**Provided data:**
----

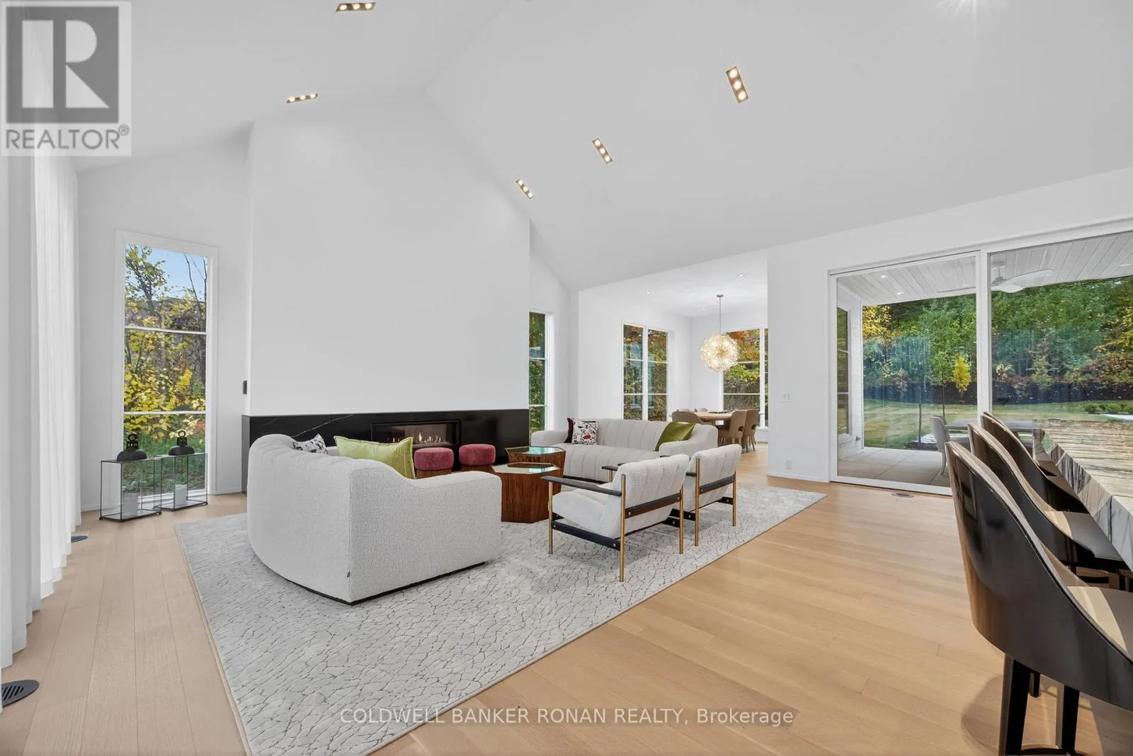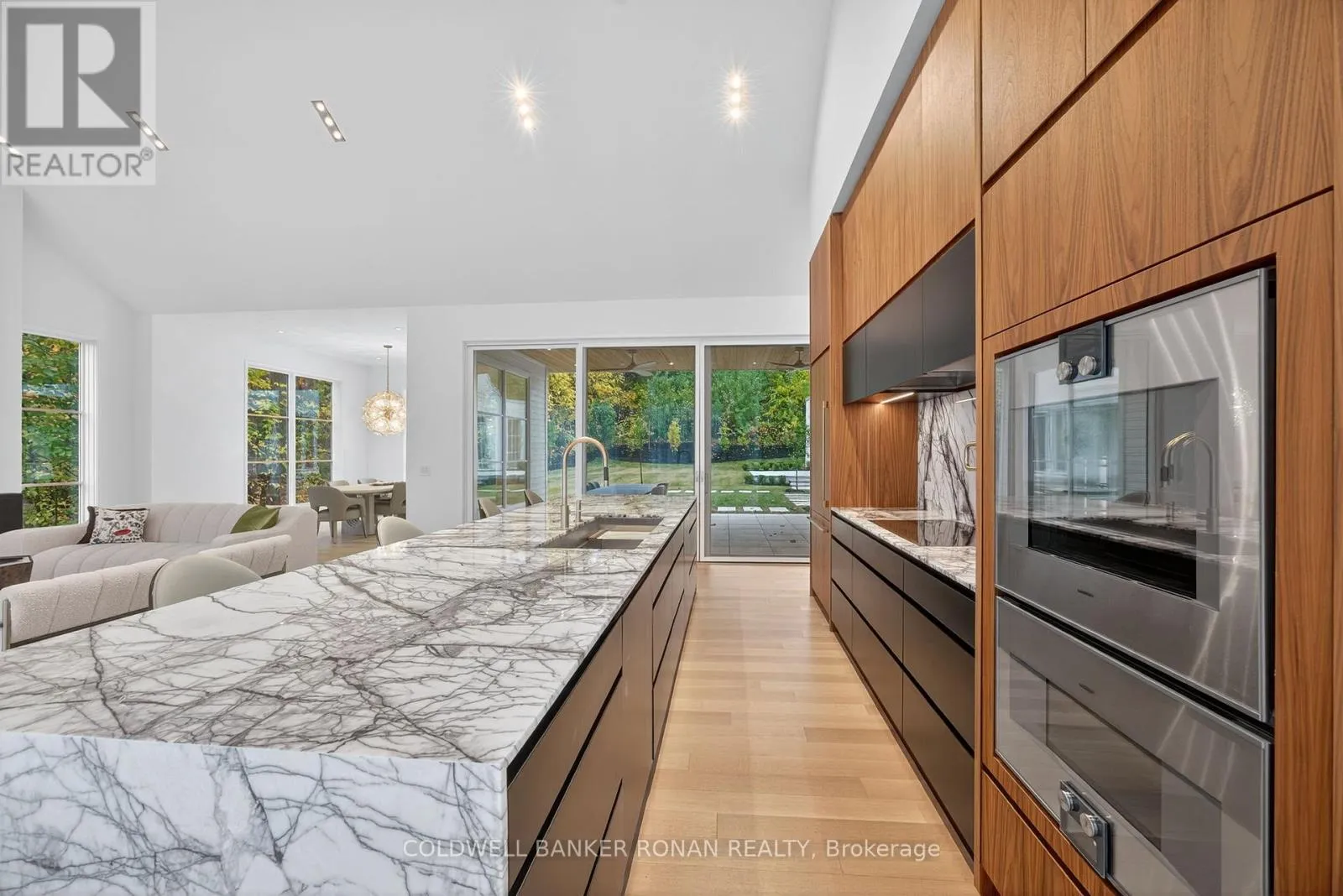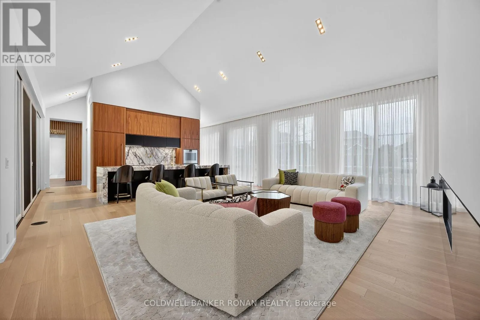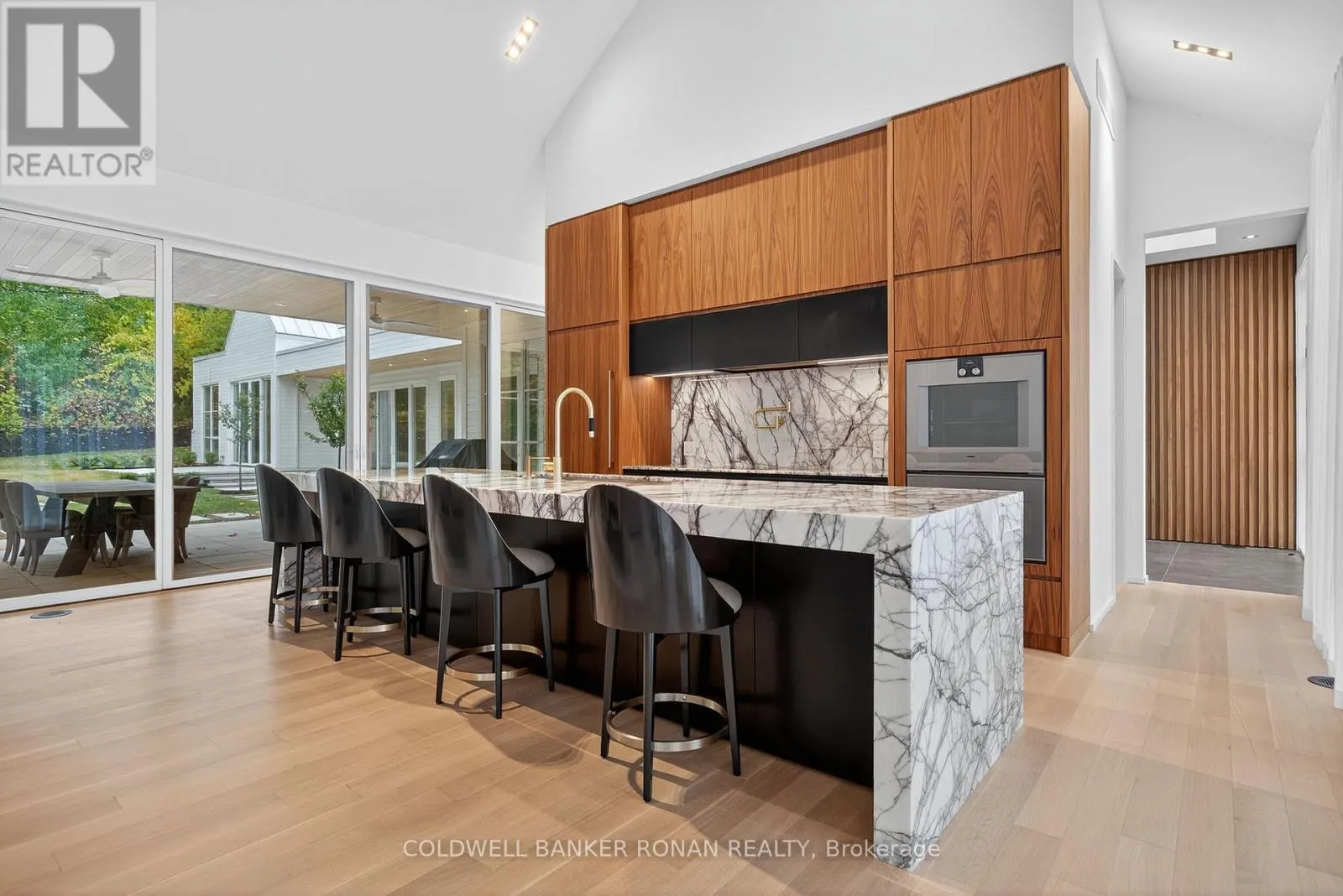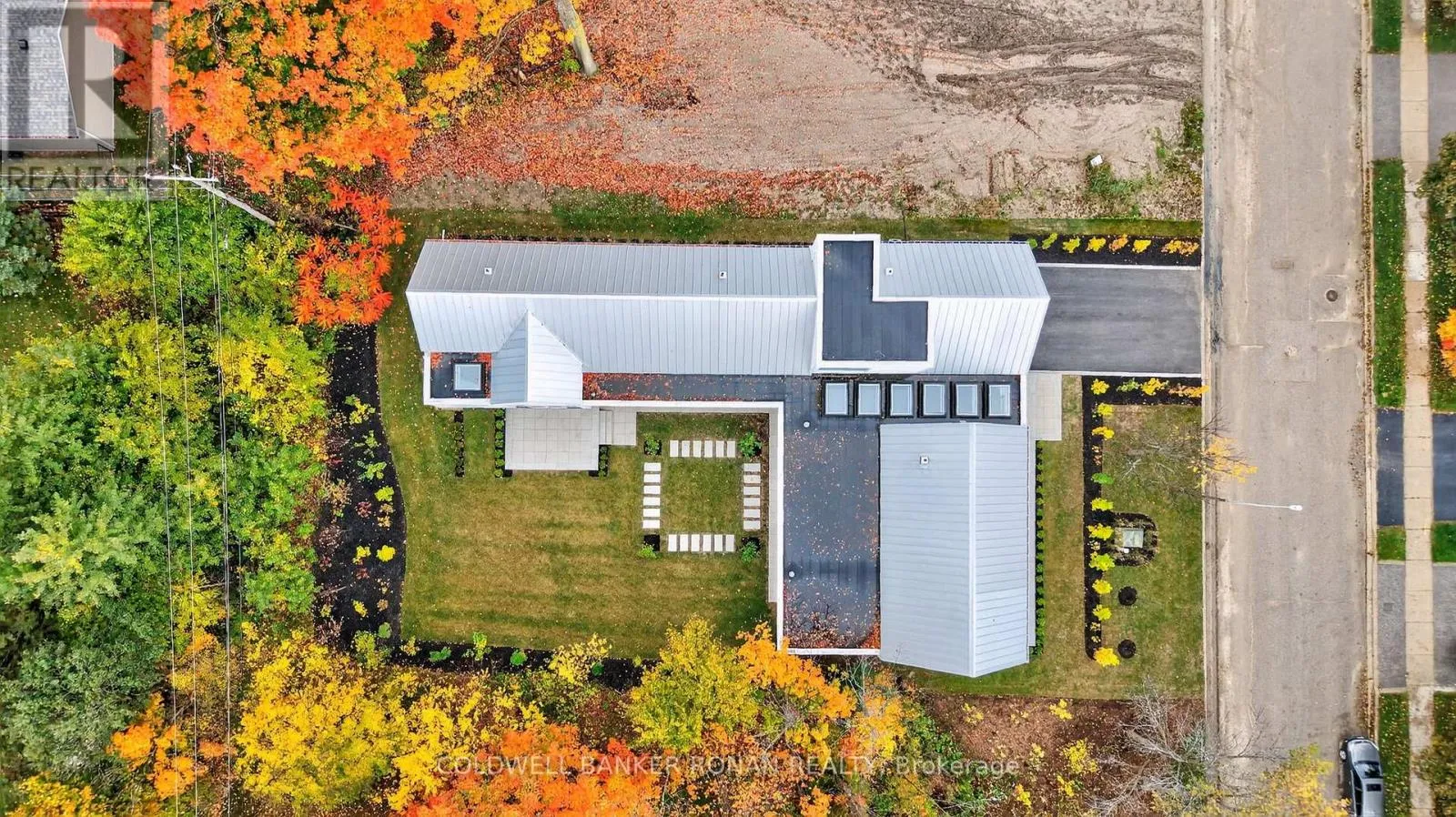 Banting Dr - Gray Ave Modern luxury living in this breathtaking Forest View Home, crafted by Georgio Lolos Designs w/ interiors curated by ABella Design Inc. This stunning property is built with an eye for elegance & functionality. Step into the home through a custom wood slatted wall foyer. Six skylights flood the space with natural light. Open riser, Hollywood stairs w/ sleek glass railings lead to a private bedroom retreat over the garage. Specialty lighting highlights the grandeur of the 18-foot A-frame vaulted ceiling in the main living area, creating an inviting ambiance around the 50" gas fireplace clad in black soapstone. The home showcases 6' White Oak flooring throughout for a seamless & warm finish. The powder room impresses w/ a Starck wall-hung toilet, integrated marble sink & an exquisite book-matched Bianco Lasa marble wall. The heart of the home features a dream kitchen, equipped w/ walnut cabinetry, an impressive 14-foot waterfall island & a handcrafted 50' Julien sink. Grey Lilac marble adorns the kitchen & pantry, complemented by full-slab backsplashes. Cooking is elevated w/ a 36' Gaggenau induction cooktop, 30' Gaggenau wall oven, fully integrated 36' Thermidor fridge & Bosch dishwasher. The custom range hood & gold fixtures adds an elegant touch while a wine fridge in the pantry & a wall mounted pot filler over the stove round out the space's luxury. The TV lounge features a built-in Gaggenau coffee maker & beverage fridge, elegantly integrated into custom cabinetry & a sophisticated walnut accent wall. Each bedroom offers an ensuite bathroom & custom closets. Primary ensuite is a private oasis w/ custom wall hung vanity, a luxurious Knief, K-Stone tub, a wall-mounted AeT DOT 20 Italia toilet, an oversized shower towel warmer. Laundry room is carefully designed, with beautiful cabinetry, clothes drying area & a custom dog wash station. A must see property for those seeking a refined yet comfortable living experience. (id:27476)
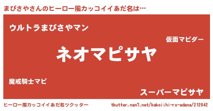 | 胡散臭い通販商品みたいなあだ名 | 『来世でも幸せになれる健康食品…その名も「まぴさや」』 |
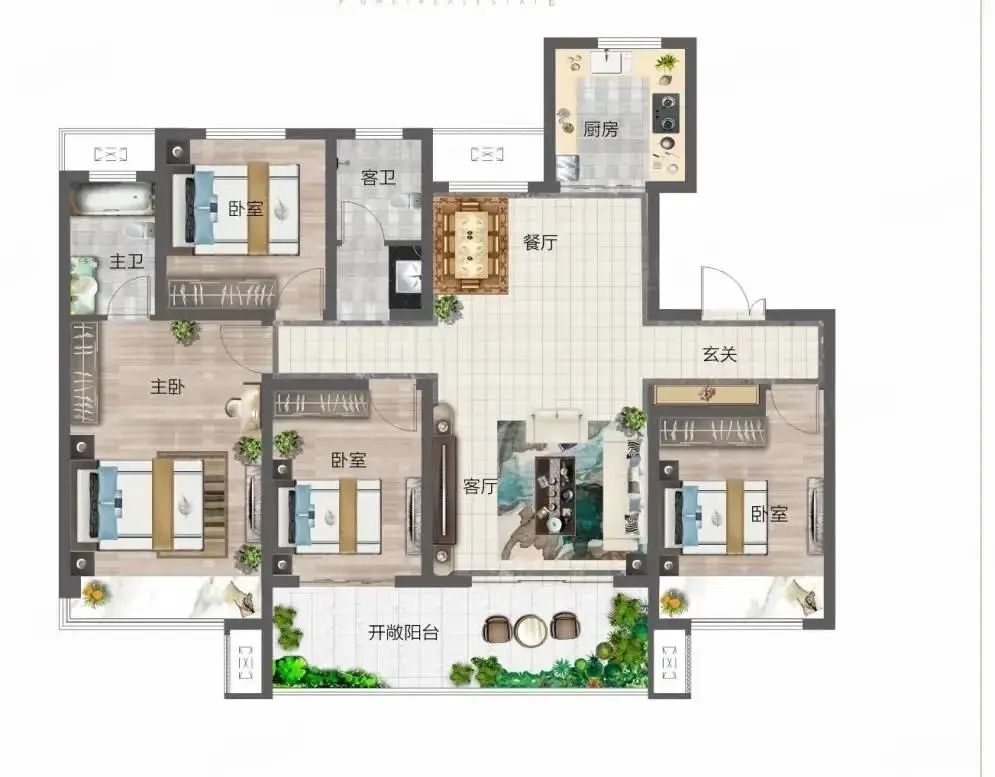 141㎡户型开始玩空间游戏厨房北侧外凸150公分,看似对外立面有所牺牲,实则为餐厅换来完整方正的格局。开发商称其为“功能模块化”,在普通人眼中就如同乐高积木,移动一块便能重新构建空间。
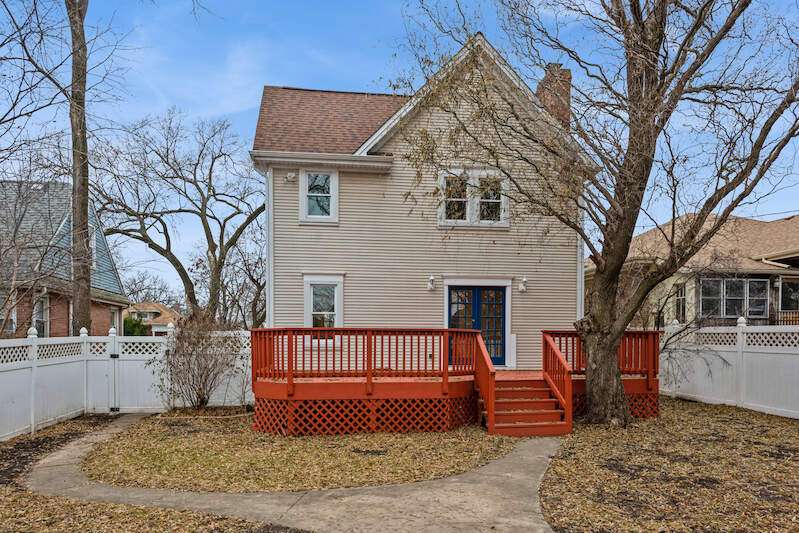 Victorian Elegance Steps from the Heart of Elmhurst. Experience the distinguished charm of this updated Victorian residence, ideally positioned on prestigious Evergreen Street-just 3.5 blocks from dynamic Downtown Elmhurst. This architectural landmark blends timeless character with forward-thinking upgrades, including a flawless addition, newer windows, siding, and roof-all executed with exceptional craftsmanship. Lead guests through the iconic wrap-around porch with recessed lighting and into an interior that radiates sophistication: a grand oak staircase, refined trim details, solid oak doors, and richly finished hardwood floors. A sun-drenched loft/library offers a serene escape, while the expansive family room with a brick fireplace is the ideal backdrop for meaningful gatherings. The private primary suite is a refined retreat, featuring a spa-inspired en-suite bath and a generous walk-in closet. French doors open to a sprawling deck and a professionally landscaped, fully fenced yard. Oversized 2.5-car garage, discreetly accessed from the alley, enhances function without compromising curb appeal. Set among newer luxury homes and within the highly acclaimed Hawthorne/Sandburg school district, this 3-bedroom, 2.5-bath home is more than a residence-a legacy of excellence in one of Elmhurst's most coveted locations.

----

With pictures omitted, copy exactly the lines from the one containing "141㎡户型开始玩空间游戏厨" through the final line of the listing, both included.

**Result:**
 141㎡户型开始玩空间游戏厨房北侧外凸150公分,看似对外立面有所牺牲,实则为餐厅换来完整方正的格局。开发商称其为“功能模块化”,在普通人眼中就如同乐高积木,移动一块便能重新构建空间。
 Victorian Elegance Steps from the Heart of Elmhurst. Experience the distinguished charm of this updated Victorian residence, ideally positioned on prestigious Evergreen Street-just 3.5 blocks from dynamic Downtown Elmhurst. This architectural landmark blends timeless character with forward-thinking upgrades, including a flawless addition, newer windows, siding, and roof-all executed with exceptional craftsmanship. Lead guests through the iconic wrap-around porch with recessed lighting and into an interior that radiates sophistication: a grand oak staircase, refined trim details, solid oak doors, and richly finished hardwood floors. A sun-drenched loft/library offers a serene escape, while the expansive family room with a brick fireplace is the ideal backdrop for meaningful gatherings. The private primary suite is a refined retreat, featuring a spa-inspired en-suite bath and a generous walk-in closet. French doors open to a sprawling deck and a professionally landscaped, fully fenced yard. Oversized 2.5-car garage, discreetly accessed from the alley, enhances function without compromising curb appeal. Set among newer luxury homes and within the highly acclaimed Hawthorne/Sandburg school district, this 3-bedroom, 2.5-bath home is more than a residence-a legacy of excellence in one of Elmhurst's most coveted locations.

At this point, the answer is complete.